Exercise inputs:

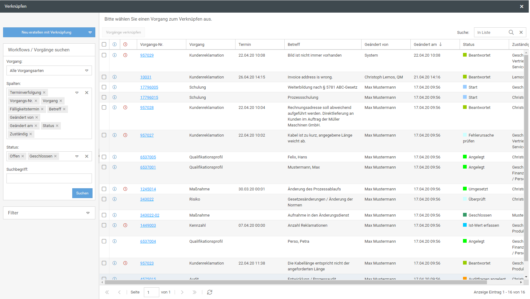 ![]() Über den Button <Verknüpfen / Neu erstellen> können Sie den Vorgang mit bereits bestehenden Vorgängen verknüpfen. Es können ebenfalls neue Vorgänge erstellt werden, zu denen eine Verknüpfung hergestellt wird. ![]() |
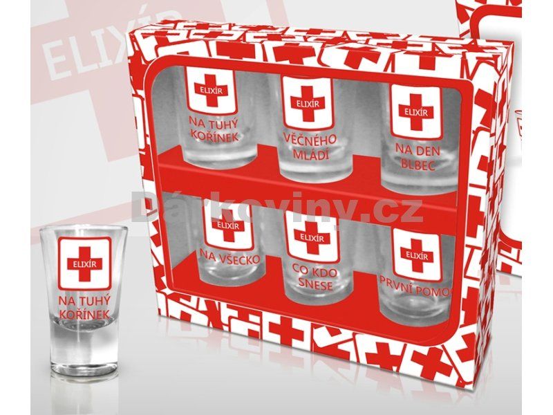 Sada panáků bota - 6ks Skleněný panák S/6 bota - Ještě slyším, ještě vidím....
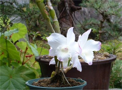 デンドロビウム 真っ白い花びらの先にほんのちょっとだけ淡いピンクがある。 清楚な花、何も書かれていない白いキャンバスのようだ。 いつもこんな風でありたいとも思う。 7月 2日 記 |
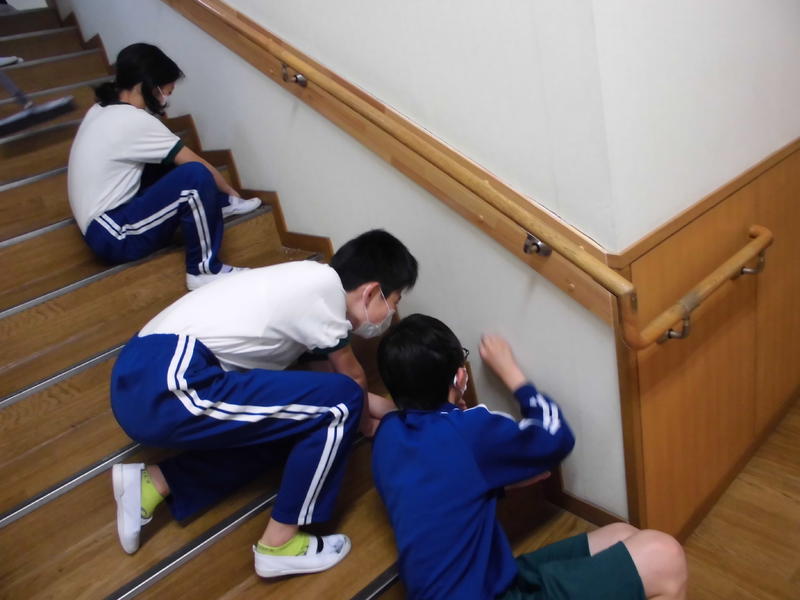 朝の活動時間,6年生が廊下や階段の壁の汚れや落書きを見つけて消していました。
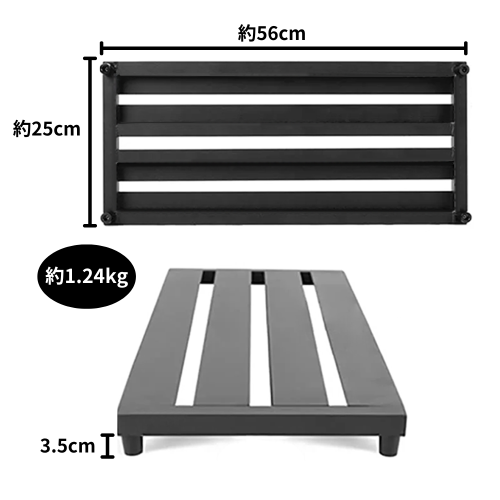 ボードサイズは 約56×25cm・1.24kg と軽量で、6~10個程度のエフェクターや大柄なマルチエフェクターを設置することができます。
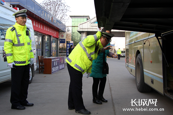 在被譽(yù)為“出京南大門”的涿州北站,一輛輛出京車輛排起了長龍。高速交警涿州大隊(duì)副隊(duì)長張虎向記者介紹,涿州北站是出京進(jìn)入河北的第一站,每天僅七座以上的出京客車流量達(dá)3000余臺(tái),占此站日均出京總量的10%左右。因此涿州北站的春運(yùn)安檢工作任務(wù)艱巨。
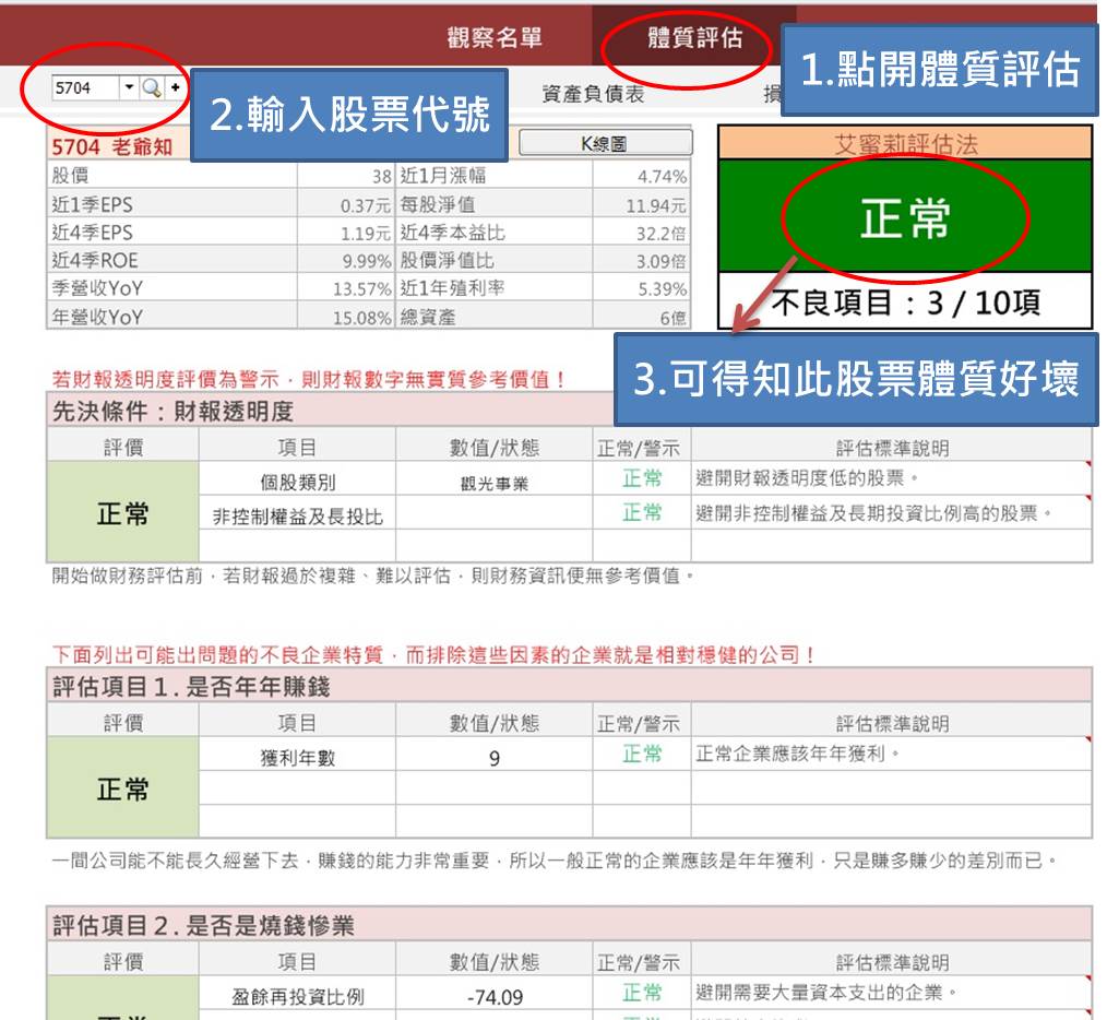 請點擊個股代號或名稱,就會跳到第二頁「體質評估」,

Requirement:
What you should produce is an exact copy of the records, with the pictures left out.

Exercise solution:
 ![]() Über den Button <Verknüpfen / Neu erstellen> können Sie den Vorgang mit bereits bestehenden Vorgängen verknüpfen. Es können ebenfalls neue Vorgänge erstellt werden, zu denen eine Verknüpfung hergestellt wird. ![]() |
 Sada panáků bota - 6ks Skleněný panák S/6 bota - Ještě slyším, ještě vidím....
 デンドロビウム 真っ白い花びらの先にほんのちょっとだけ淡いピンクがある。 清楚な花、何も書かれていない白いキャンバスのようだ。 いつもこんな風でありたいとも思う。 7月 2日 記 |
 朝の活動時間,6年生が廊下や階段の壁の汚れや落書きを見つけて消していました。
 ボードサイズは 約56×25cm・1.24kg と軽量で、6~10個程度のエフェクターや大柄なマルチエフェクターを設置することができます。
 在被譽(yù)為“出京南大門”的涿州北站,一輛輛出京車輛排起了長龍。高速交警涿州大隊(duì)副隊(duì)長張虎向記者介紹,涿州北站是出京進(jìn)入河北的第一站,每天僅七座以上的出京客車流量達(dá)3000余臺(tái),占此站日均出京總量的10%左右。因此涿州北站的春運(yùn)安檢工作任務(wù)艱巨。
 請點擊個股代號或名稱,就會跳到第二頁「體質評估」,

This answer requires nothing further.